BurntSushi / walkdir

Rust library for walking directories recursively.
The Unlicense
1.22k stars 107 forks source link

WalkDir sorter should accept whole dir entries instead of just file names #70

Closed jchlapinski closed 7 years ago

jchlapinski commented 7 years ago

Currently it is not easy to sort entries alphabetically with directories first (which is most often the order in which we see files in tools), since sorter for WalkDir::sort_by() only provides file names. In this PR I have changed the code, so that the sorter accepts references to entries being sorted. Example usage:

extern crate walkdir;

fn main() {
    use std::cmp::Ordering;
    use walkdir::WalkDir;

    // Paths sorted alphabetically with directories first
    for e in WalkDir::new("./").sort_by(|a, b| match b.file_type().is_dir().cmp(&a.file_type().is_dir()) {
        Ordering::Equal => a.file_name().cmp(b.file_name()),
        o @ _ => o,
    }).into_iter().filter_map(|e| e.ok()) {
        println!("{}", e.path().display());
    }
}

If this change would to be accepted, we have to also fix the documentation accordingly. Regards

BurntSushi commented 7 years ago

Nice! Have you seen the discussion in #53? If not, then I think we independently converged on the same API. :-) I'm laughing at how much of a stink I put up about this change being tricky, but it appears to have been much easier than I anticipated!

So yes, I do think we want this change. Would you like to write the docs? If not, I can do it in a later PR.

jchlapinski commented 7 years ago

@BurntSushi Sure, I will look trough the code once again before weekend and fix docs wherever needed.

BurntSushi commented 7 years ago

@jchlapinski Awesome, thank you!

jchlapinski commented 7 years ago

Nice! Have you seen the discussion in #53?

@BurntSushi hmm, indeed I did not notice that this was being done here. However I find it absolutely awkward to use tuple or introduce another public type just to ameliorate sorting. My feeling is that what I have done is not really that different to what was already there - those DirEntries are produced slightly earlier, however `fs::DirEntry::file_type() is being called early anyway to check whether the entry is a dir, a file or a symlink, so there is no additional penalty in system calls in my change, no? Or maybe I am not seeing something. I did not test this with large number of files.

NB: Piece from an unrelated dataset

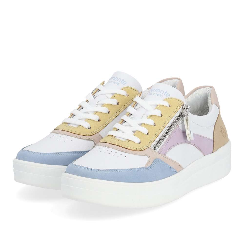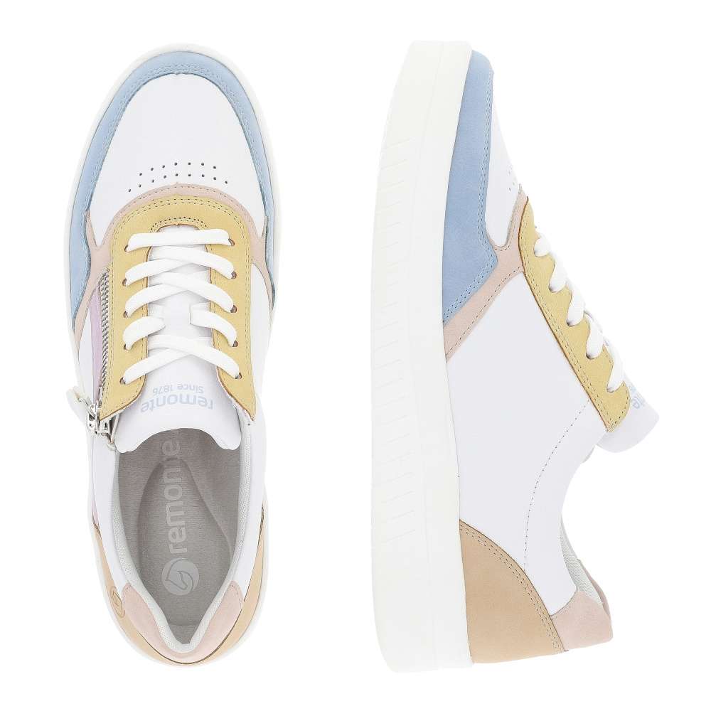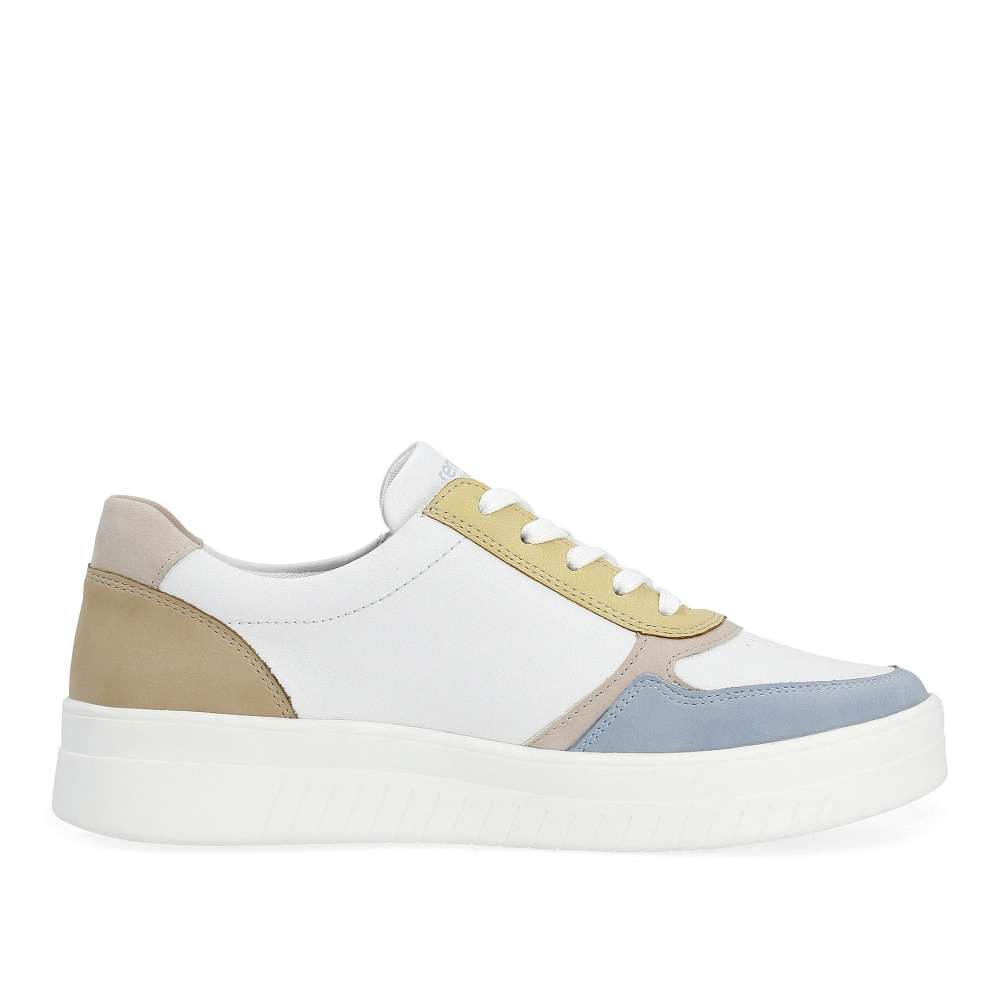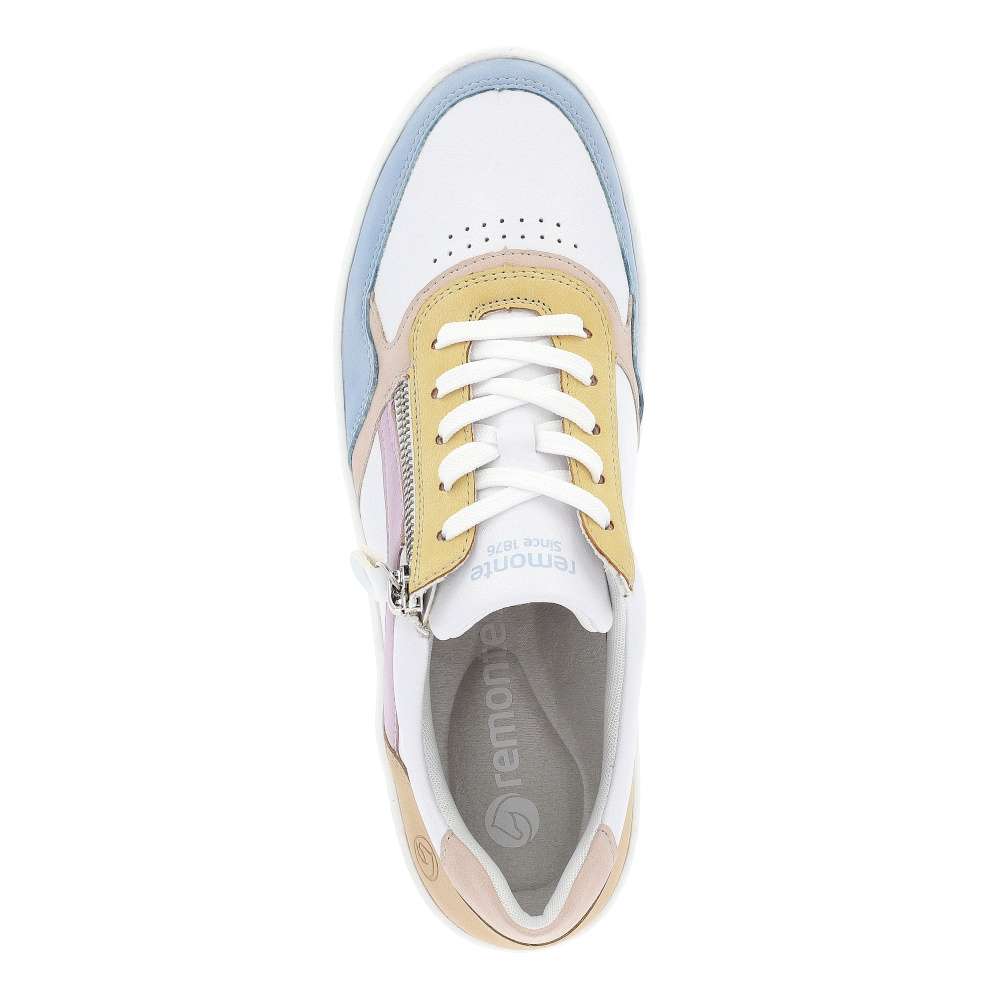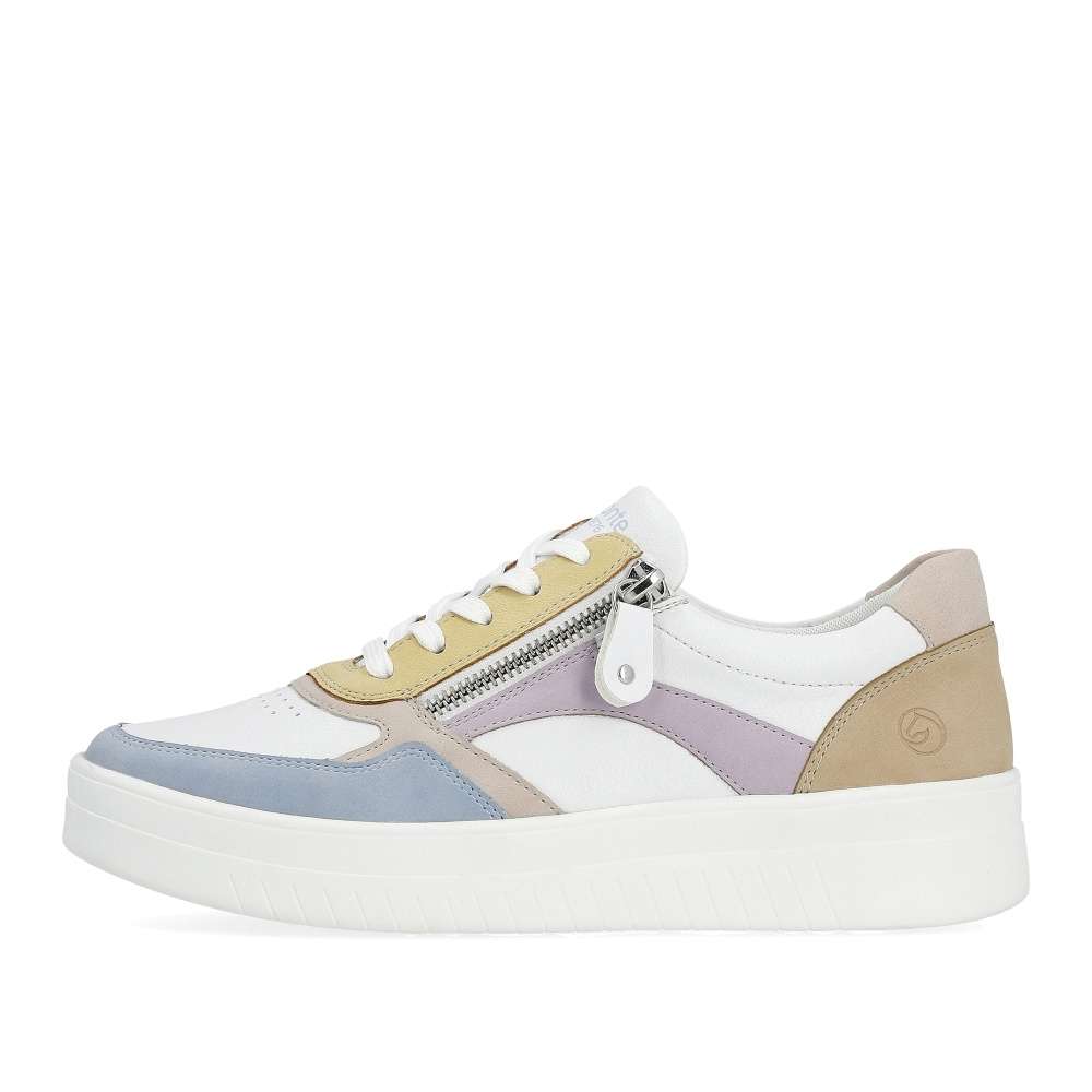 Detailní informace Obuv REMONTE je vyšší řadou značky RIEKER, obuv se vyznačuje kvalitou použitých materiálů. Dámské tenisky s výraznou barevnou kombinací Vás zaujmou hned na první pohled. K obouvání Vám skvěle napomůže funkční zip na vnější straně a šněrováním si tenisky utáhnete přesně podle Vašich představ. Pohodlí na každém kroku budete mít díky měkké vyjímatelné stélce. S tímto modelem můžete snadno zkombinovat například batoh z naší široké nabídky.

BurntSushi commented 7 years ago

@jchlapinski Right, I don't think there's any performance change here. I think we are in sync; we both agree that a new public type or anything other than passing a pair of &DirEntry would be really unfortunate. The key downside here is that if you call metadata on a DirEntry, then it will always hit the file system. When sorting, the results of a single DirEntry could therefore change, which would lead to unfortunate things. However, I think we basically concluded in #53 that this was an acceptable downside, and that if really necessary, the caller could introduce their own metadata cache.

jchlapinski commented 7 years ago

@BurntSushi OK, I have looked trough the code and fixed docs and removed a few empty lines.

BurntSushi commented 7 years ago

@jchlapinski Awesome work! Thank you!